Source records
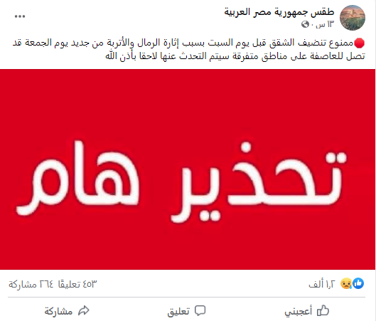 ذلك لأن البلاد ستشهد عاصفة من الرمال والأتربة، إذ تضمن محتوي التحذير «ممنوع تنضيف الشقق قبل يوم السبت بسبب إثارة الرمال والأتربة من جديد يوم الجمعة قد تصل للعاصفة على مناطق متفرقة سيتم التحدث عنها لاحقا بإذن الله».
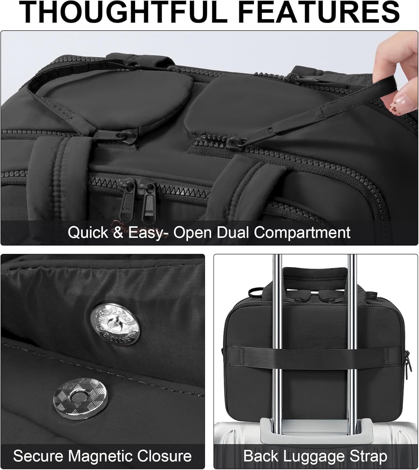 LIGHTWEIGHT & TRAVEL-FRIENDLY ORGANIZER: Ideal travel toiletries bag for women, this travel bag for toiletries includes dual side pockets with secure magnetic snaps and zipper straps for quick, safe access. A back luggage strap allows easy attachment to suitcase handles, enabling hands-free carrying. Lightweight and compact, it fits effortlessly into carry-on luggage, making it perfect as travel gift, gym toiletry bag, shower bag, skincare bag, travel packing organizers or daily essentials pouch
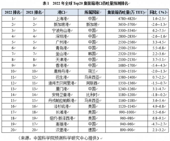 7月12日,中国科学院预测科学研究中心发布《2022年全球Top20集装箱港口预测报告》。报告显示,在全球前20大集装箱港口中,中国占了9个,且其中7个跻身前10。与2021年相比,今年前10名港口排名顺序未发生变动,分别为上海港、新加坡港、宁波舟山港、深圳港、广州港、青岛港、釜山港、天津港、香港港、鹿特丹港。2022年全球Top20港口集装箱吞吐量预测排名(见表1)。
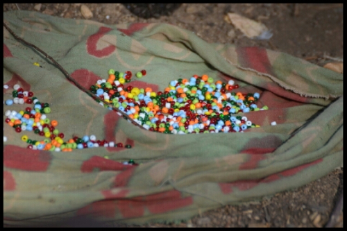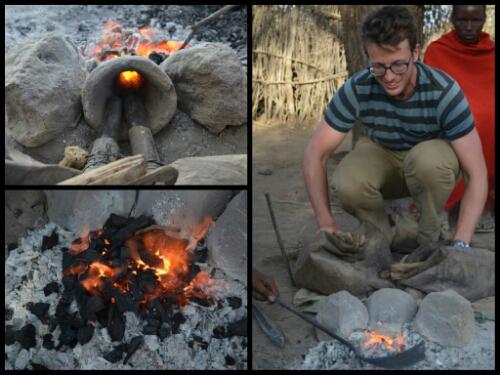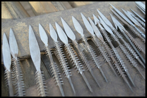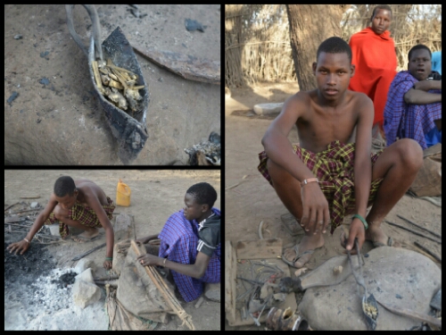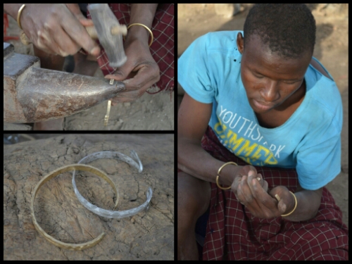 Leaving the hut, we were led to another open area where we met some of the family’s young men, engaged in their traditional industry of metalwork. They were seated on the ground around a pile of charcoal and one was shaping a piece of metal into a bracelet. Nearby was a display of their handiwork: arrowheads for their community and jewellery for tourists!
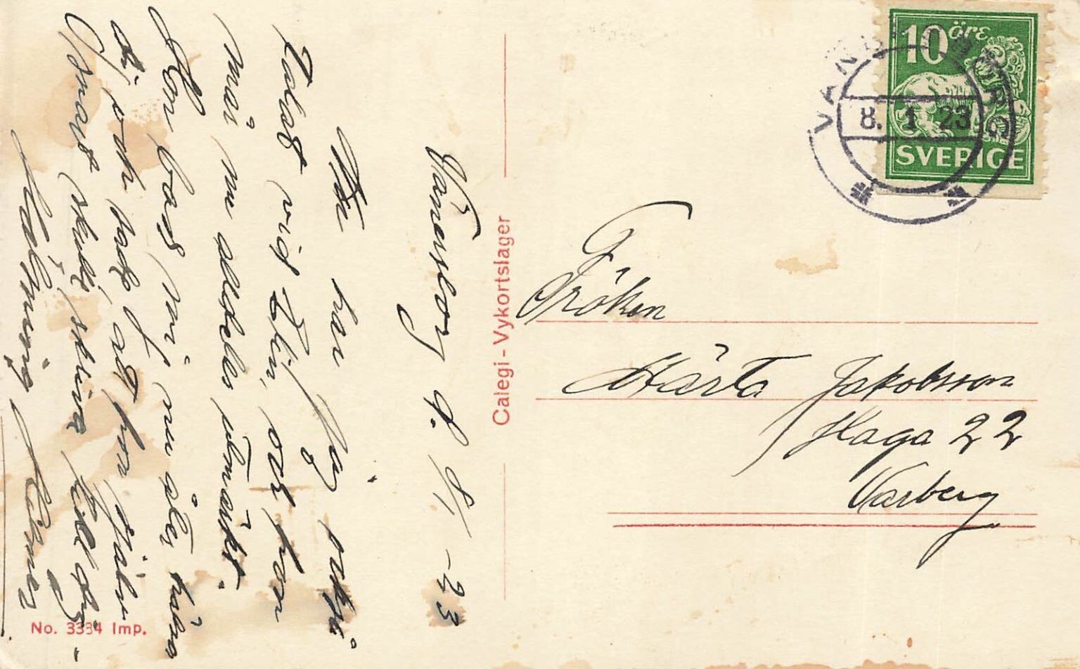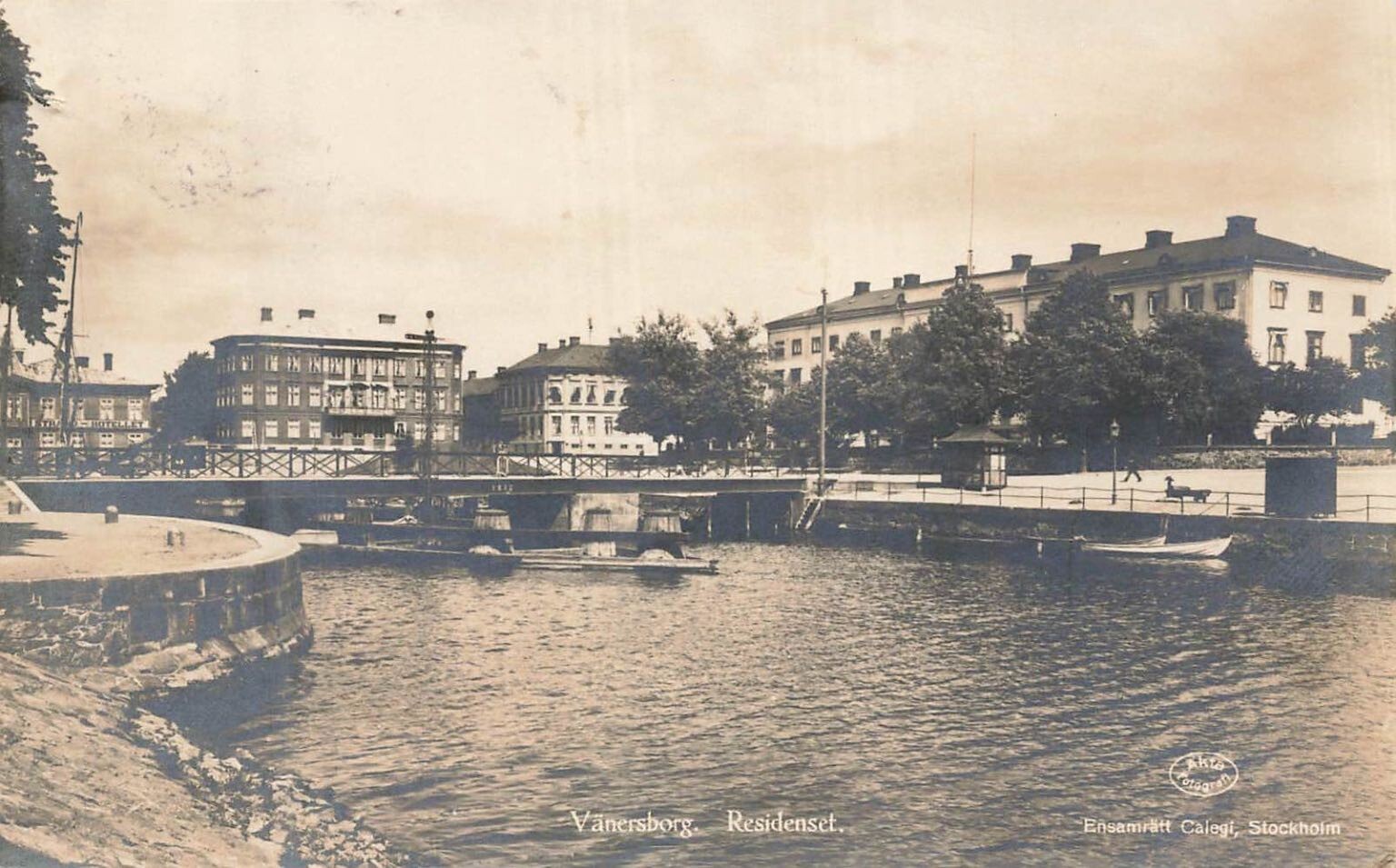 Discover a captivating vintage postcard showcasing Vänersborg, Sweden, featuring the historic Residenset (Governor's Residence) along a serene waterway. This evocative sepia-toned image, reminiscent of a real photo postcard, captures the architectural elegance and tranquil charm of the Swedish city in the early 20th century. The detailed scene includes a bridge spanning the water, with several boats gently moored, reflecting a bygone era of Scandinavian urban life and transportation. The renowned publisher Calegi, identified by the "Ensamrätt Calegi, Stockholm" marking and "AKTA FOTOGRAFI" (Genuine Photography) logo, produced this quality piece, making it a desirable item for collectors of Swedish ephemera and historical photography.This collectible postcard offers a tangible glimpse into Vänersborg's past, illustrating its picturesque canal and significant landmarks. The reverse side bears a crisp 1923 postmark from Vänersborg, confirming its historical context and use. A 10 öre Sverige stamp is affixed, adding to its authentic vintage appeal. The handwritten message and address to Varberg further personalize this piece, providing a unique connection to its original journey and the communication styles of the period. This postcard is a wonderful addition for enthusiasts of Swedish history, vintage travel, and early 20th-century European cityscapes.

What to produce
Keeping the pictures out, output the records from above exactly and completely.

Task answer
 ذلك لأن البلاد ستشهد عاصفة من الرمال والأتربة، إذ تضمن محتوي التحذير «ممنوع تنضيف الشقق قبل يوم السبت بسبب إثارة الرمال والأتربة من جديد يوم الجمعة قد تصل للعاصفة على مناطق متفرقة سيتم التحدث عنها لاحقا بإذن الله».
 LIGHTWEIGHT & TRAVEL-FRIENDLY ORGANIZER: Ideal travel toiletries bag for women, this travel bag for toiletries includes dual side pockets with secure magnetic snaps and zipper straps for quick, safe access. A back luggage strap allows easy attachment to suitcase handles, enabling hands-free carrying. Lightweight and compact, it fits effortlessly into carry-on luggage, making it perfect as travel gift, gym toiletry bag, shower bag, skincare bag, travel packing organizers or daily essentials pouch
 7月12日,中国科学院预测科学研究中心发布《2022年全球Top20集装箱港口预测报告》。报告显示,在全球前20大集装箱港口中,中国占了9个,且其中7个跻身前10。与2021年相比,今年前10名港口排名顺序未发生变动,分别为上海港、新加坡港、宁波舟山港、深圳港、广州港、青岛港、釜山港、天津港、香港港、鹿特丹港。2022年全球Top20港口集装箱吞吐量预测排名(见表1)。
 Leaving the hut, we were led to another open area where we met some of the family’s young men, engaged in their traditional industry of metalwork. They were seated on the ground around a pile of charcoal and one was shaping a piece of metal into a bracelet. Nearby was a display of their handiwork: arrowheads for their community and jewellery for tourists!
 Discover a captivating vintage postcard showcasing Vänersborg, Sweden, featuring the historic Residenset (Governor's Residence) along a serene waterway. This evocative sepia-toned image, reminiscent of a real photo postcard, captures the architectural elegance and tranquil charm of the Swedish city in the early 20th century. The detailed scene includes a bridge spanning the water, with several boats gently moored, reflecting a bygone era of Scandinavian urban life and transportation. The renowned publisher Calegi, identified by the "Ensamrätt Calegi, Stockholm" marking and "AKTA FOTOGRAFI" (Genuine Photography) logo, produced this quality piece, making it a desirable item for collectors of Swedish ephemera and historical photography.This collectible postcard offers a tangible glimpse into Vänersborg's past, illustrating its picturesque canal and significant landmarks. The reverse side bears a crisp 1923 postmark from Vänersborg, confirming its historical context and use. A 10 öre Sverige stamp is affixed, adding to its authentic vintage appeal. The handwritten message and address to Varberg further personalize this piece, providing a unique connection to its original journey and the communication styles of the period. This postcard is a wonderful addition for enthusiasts of Swedish history, vintage travel, and early 20th-century European cityscapes.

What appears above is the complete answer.